Артуру стало не по себе от слов девочки-подростка, особенно на слове «невинность», но собачку он всё-таки взял в руки. Даже погладил по толстенькому брюшку. Тут же заскулили, запрыгали по выбившемуся верблюжьему одеялу неизвестного цвета еще три собачьих младенца. Артур чувствовал себя настоящей дворнягой, собакой с мокрым носом и весьма хвостатым. Высунув язычки, щенки радовались ему, человеку. Они облизывали лицо и руки, делились своей огромной щенячьей радостью, а Артур так хотел стать щенком, чтоб в голове возникали только щенячьи мысли. Он заглядывал в глаза Фильке. В маленькие глаза, полные любви, радости и добра.
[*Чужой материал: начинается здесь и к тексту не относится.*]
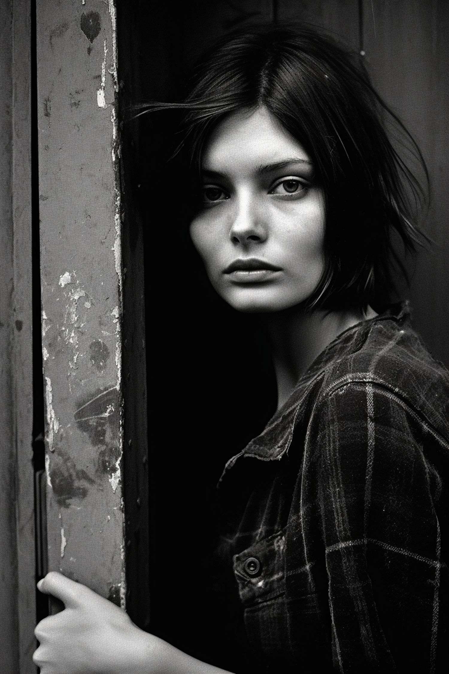 Black and white portrait of a young woman with dark hair and plaid shirt, holding a rustic door frame, creating a moody atmosphere.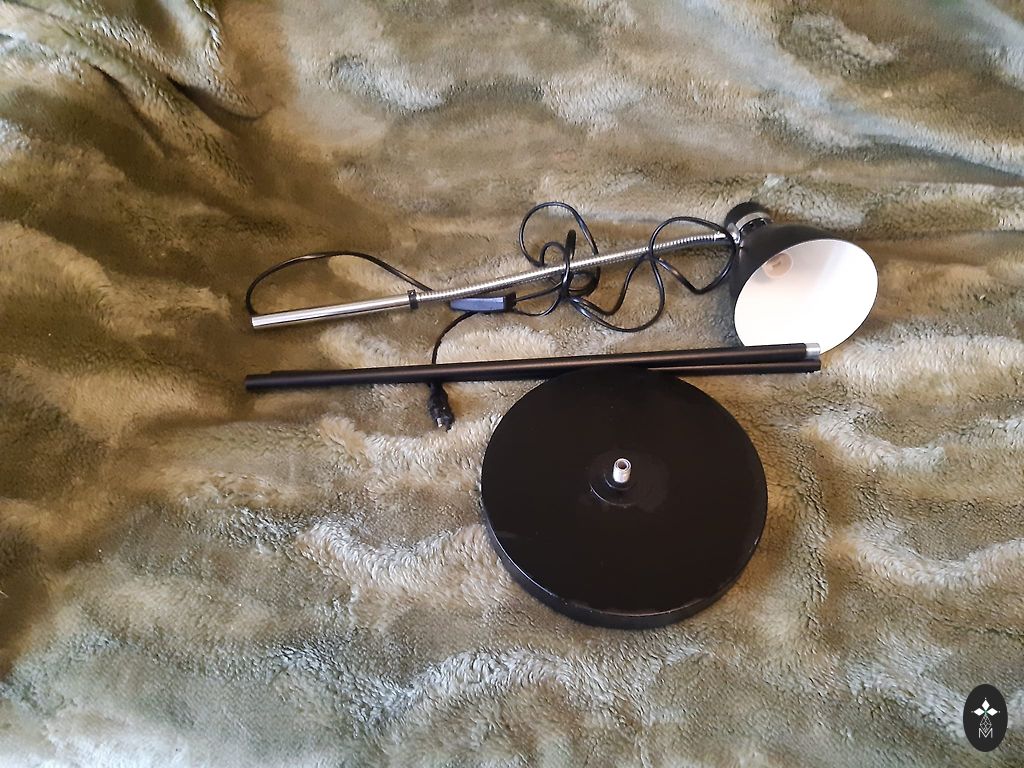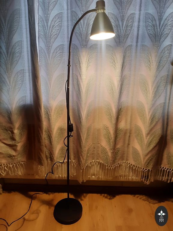 Vintage floor lamp. 1950s! Very good condition. Black element in the middle - leather. Height 141cm, base diameter 26cm. Switch above each shade. Shade diameter 18cm.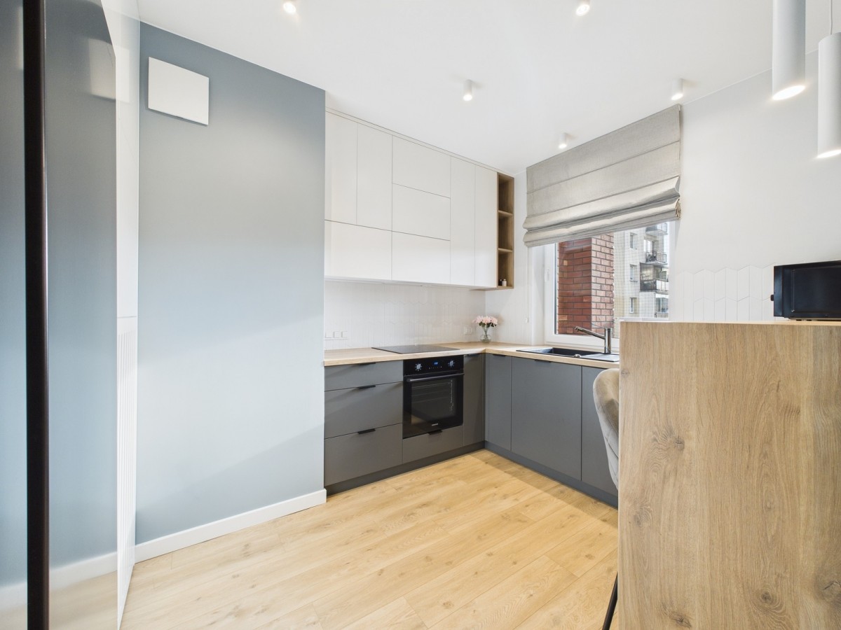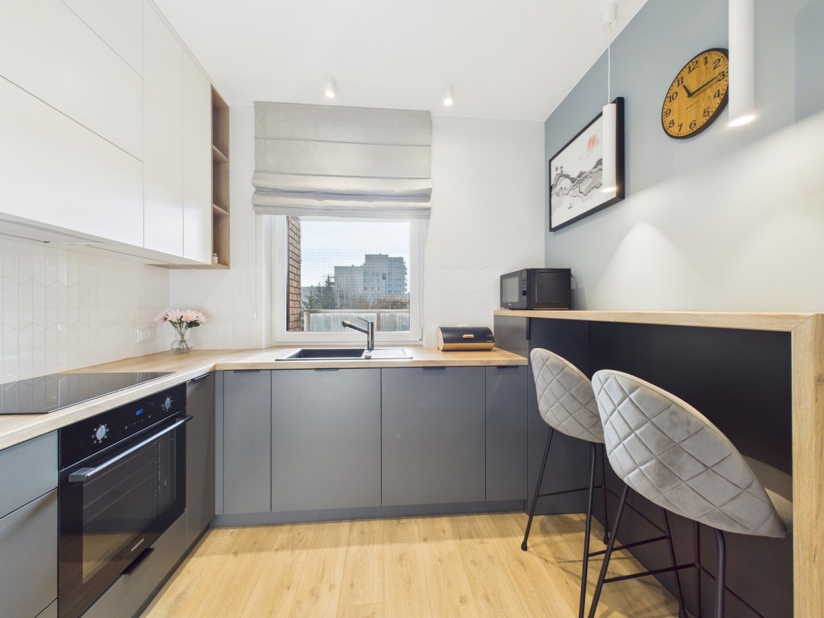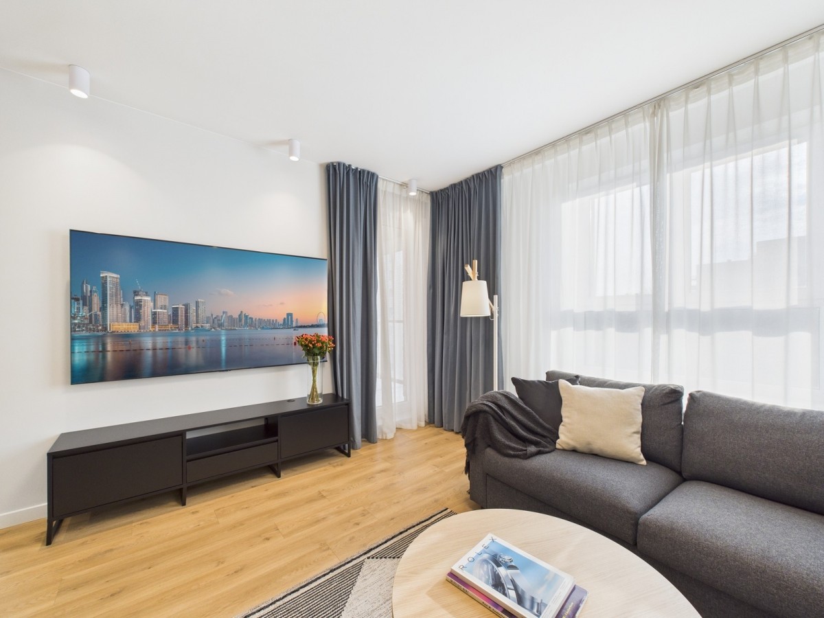 Apartament klimatyzowany, wykończony w wysokim standardzie – kuchnia wyposażona w wysokiej klasy sprzęt AGD. W mieszkaniu znajdują się dwie łazienki: jedna z wygodną wanną, druga z funkcjonalnym prysznicem.

Как ему этого не хватало, этого самого добра. Всего-навсего кусочек солнца в простыне и по-щенячьи невинного добра. Сейчас больной действительно чувствовал себя как дома.
— Знаю! Я назову тебя Артуром, можно?
— Но это и так моё имя!
— Правда? А я думала, что так звали эпилептика, который умер сегодня утром вот на этом самом месте, где сейчас лежишь ты.
Похолодело всё внутри, пересохло и потрескалось…
— Как это?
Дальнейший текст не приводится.